__Assignment__: Starting with the line that contains "2025中国企业500强共分" and ending with the last line of the entries, repeat exactly those lines and nothing else, pictures excluded.

__Records to use__:
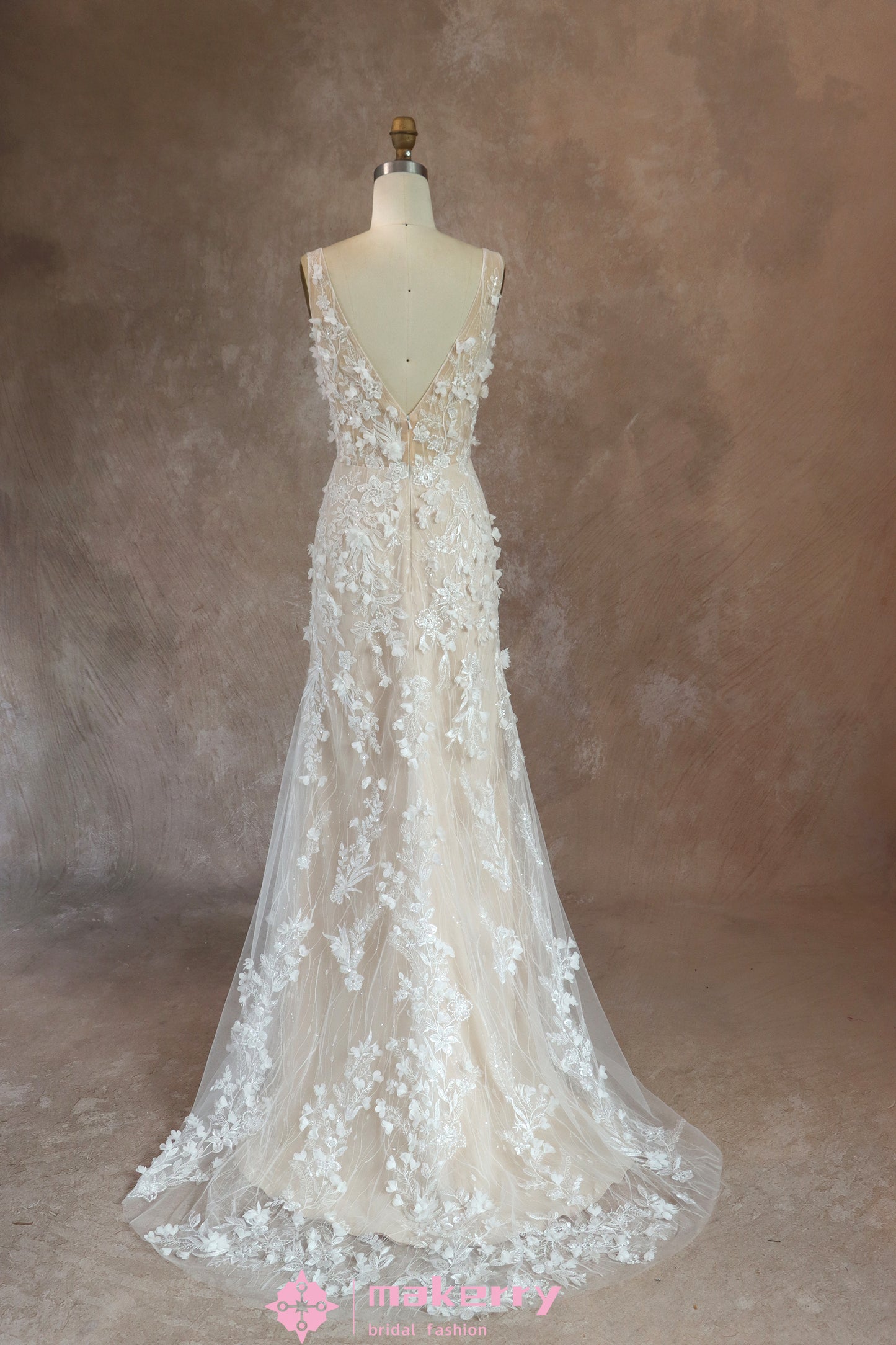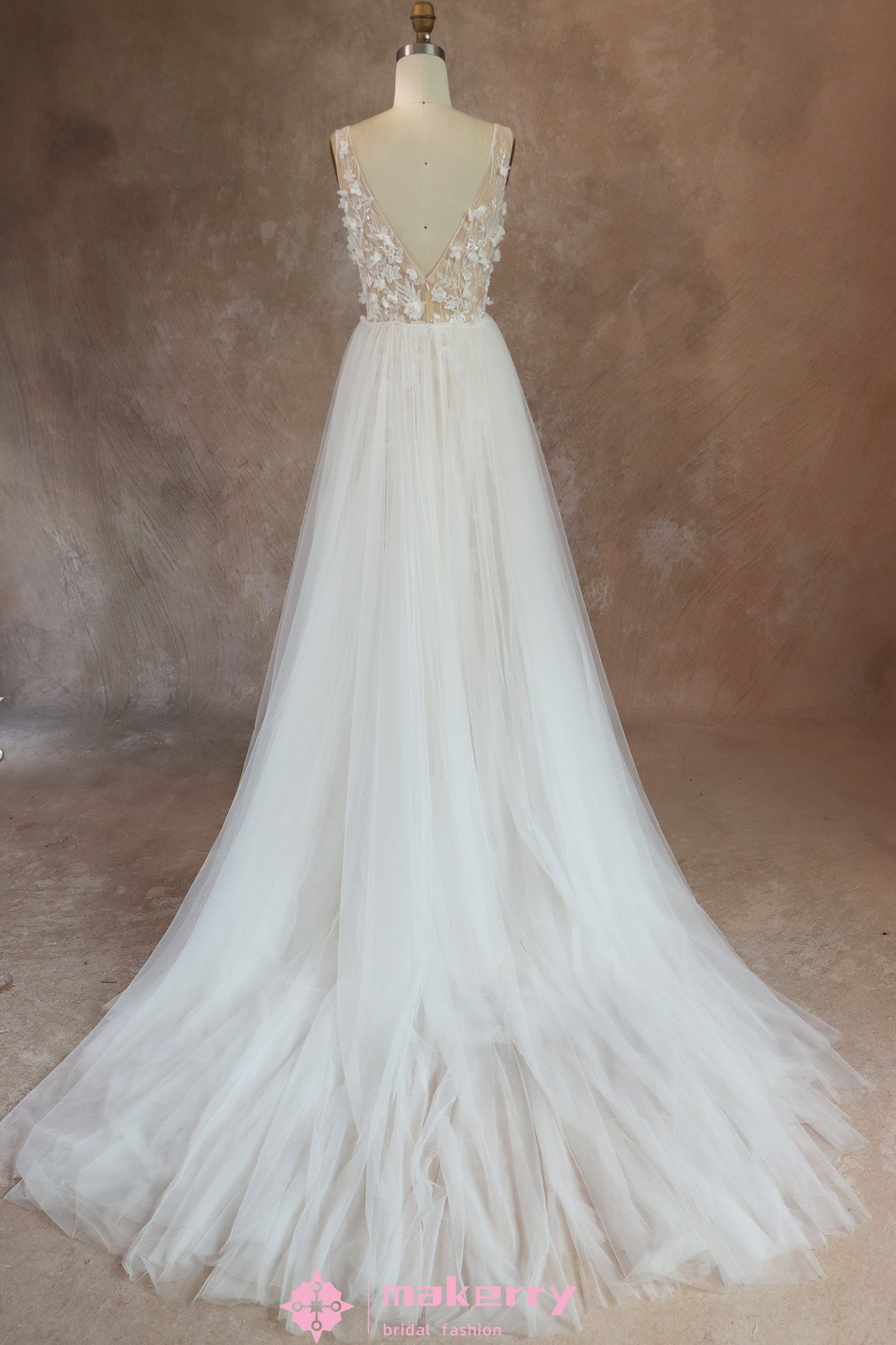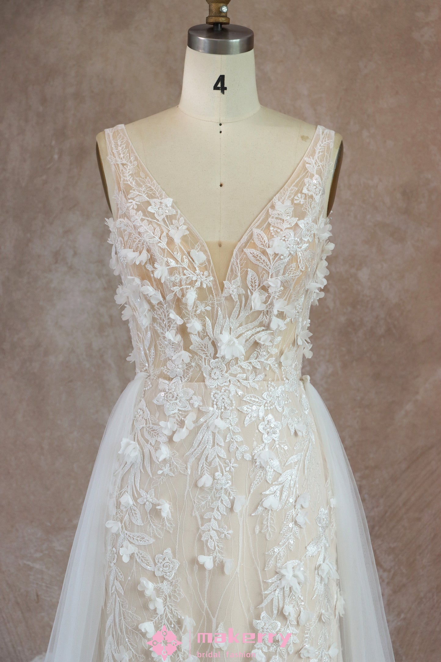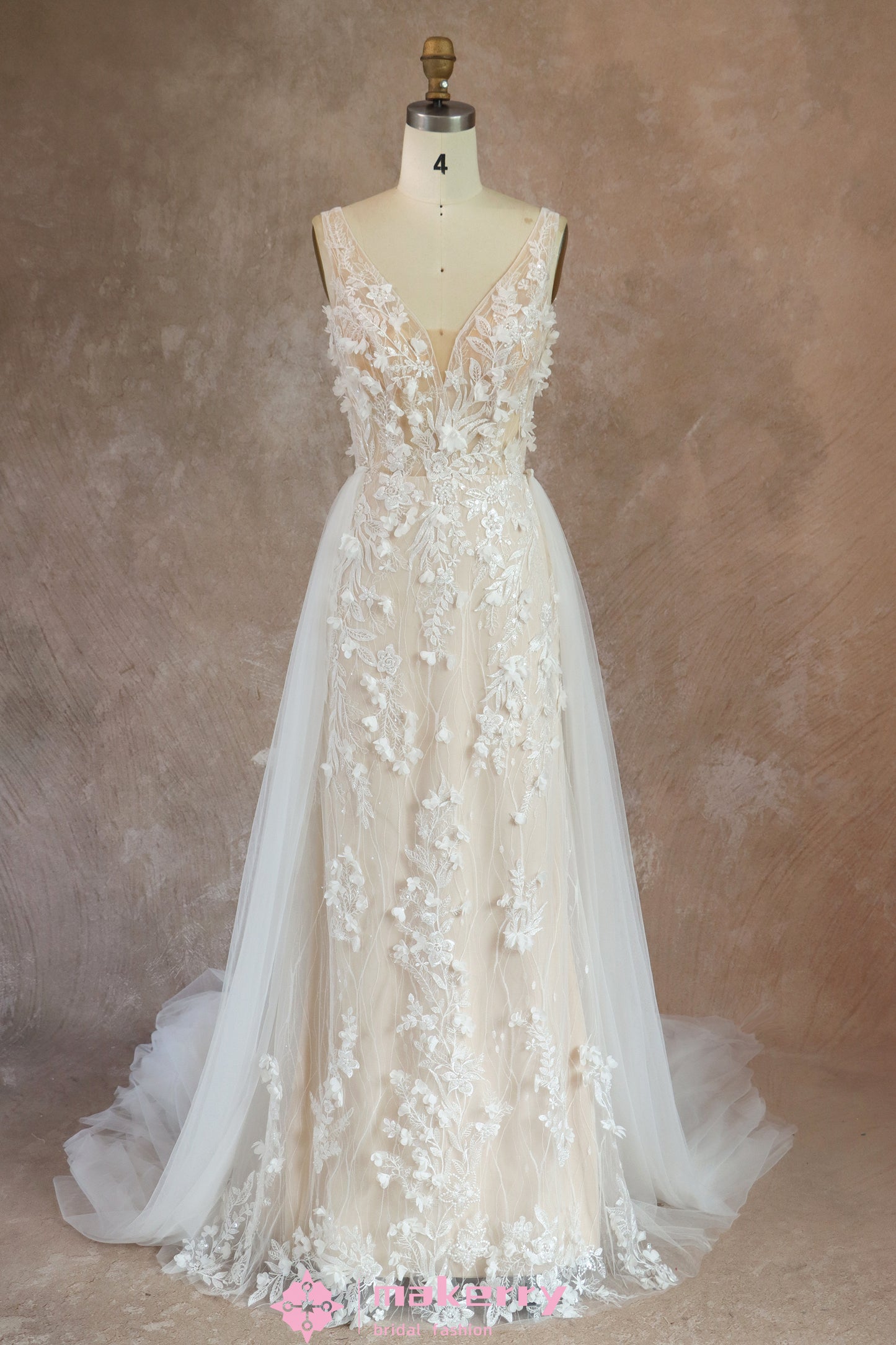 The sexy plunging V-neck is detailed with illusion insets lead to an illusion V-back. 3D flowers lace appliqués add a touch of whimsy from the bodice to the the hem while like a waterfall of tulle acts as the perfect canvas. The detachable skirt making this dress romantic from head to toe.
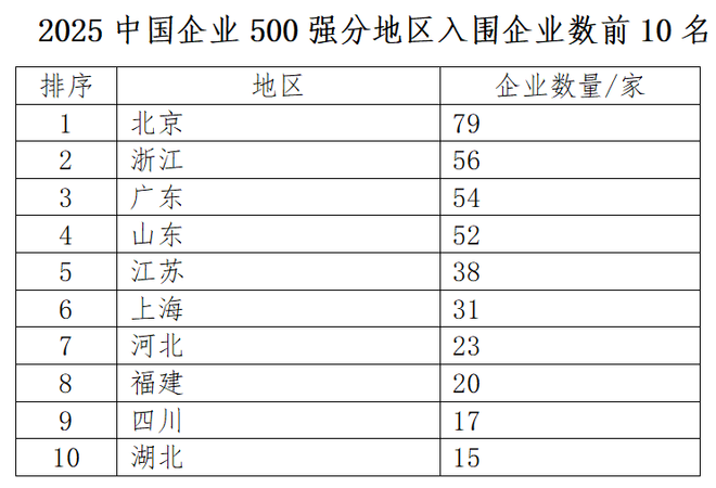 2025中国企业500强共分布在30个省(自治区、直辖市)中,分布最多的五个地区依次是北京、浙江、广东、山东和江苏。
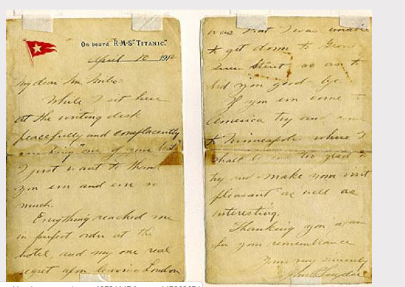 Also wurde dieser Brief an einen Inhaber eines Londoner Tabakshops gerichtet und wurde von John Snyder, Mann an Bord von R.M.S. geschrieben. Titanic. Der Brief gelesen: "Während ich hier am Schreibtisch sitze, rauchen Sie friedlich und raucht das Rauchen von 'eines Ihrer besten Zigarren', möchte ich Ihnen nur danken." Dieses Stück wurde am 10. April 1912 geschrieben. Nur zwei Tage, bis Titanic am 14. April 1912 sein unerwartetes Ende erfüllte.
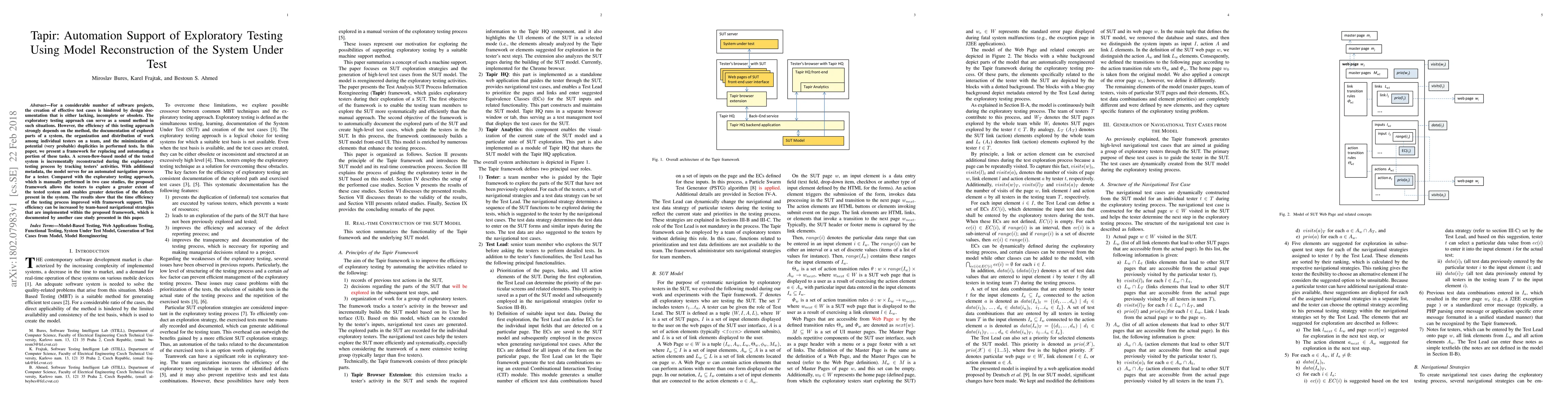This paper introduces a framework called Tapir that automates exploratory testing by reconstructing a model of the system under test based on testers' activities. The framework enhances test coverage and defect detection while improving the time efficiency of the testing process, as demonstrated through case studies.
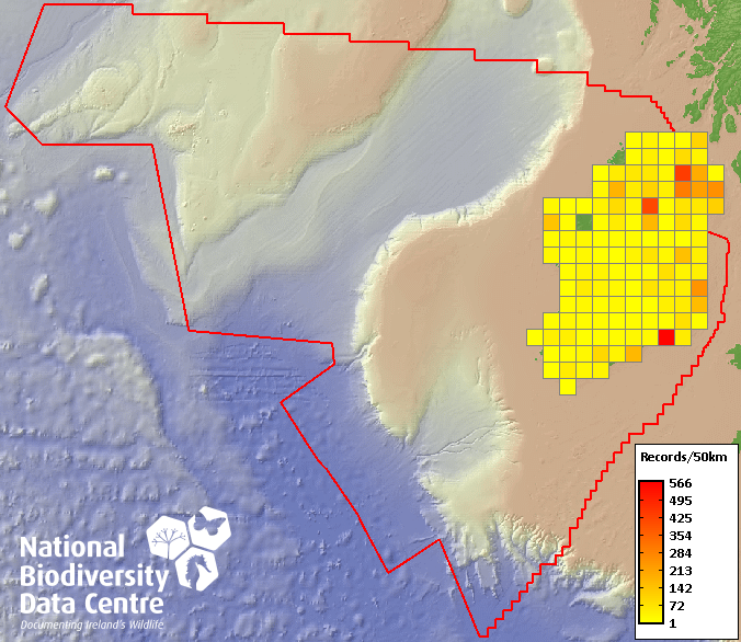 Distribution of the number of records recorded within each 10km grid square (ITM).Marine Map - 50km

__Output of the exercise__:
 2025中国企业500强共分布在30个省(自治区、直辖市)中,分布最多的五个地区依次是北京、浙江、广东、山东和江苏。
 Also wurde dieser Brief an einen Inhaber eines Londoner Tabakshops gerichtet und wurde von John Snyder, Mann an Bord von R.M.S. geschrieben. Titanic. Der Brief gelesen: "Während ich hier am Schreibtisch sitze, rauchen Sie friedlich und raucht das Rauchen von 'eines Ihrer besten Zigarren', möchte ich Ihnen nur danken." Dieses Stück wurde am 10. April 1912 geschrieben. Nur zwei Tage, bis Titanic am 14. April 1912 sein unerwartetes Ende erfüllte.
This paper introduces a framework called Tapir that automates exploratory testing by reconstructing a model of the system under test based on testers' activities. The framework enhances test coverage and defect detection while improving the time efficiency of the testing process, as demonstrated through case studies.
 Distribution of the number of records recorded within each 10km grid square (ITM).Marine Map - 50km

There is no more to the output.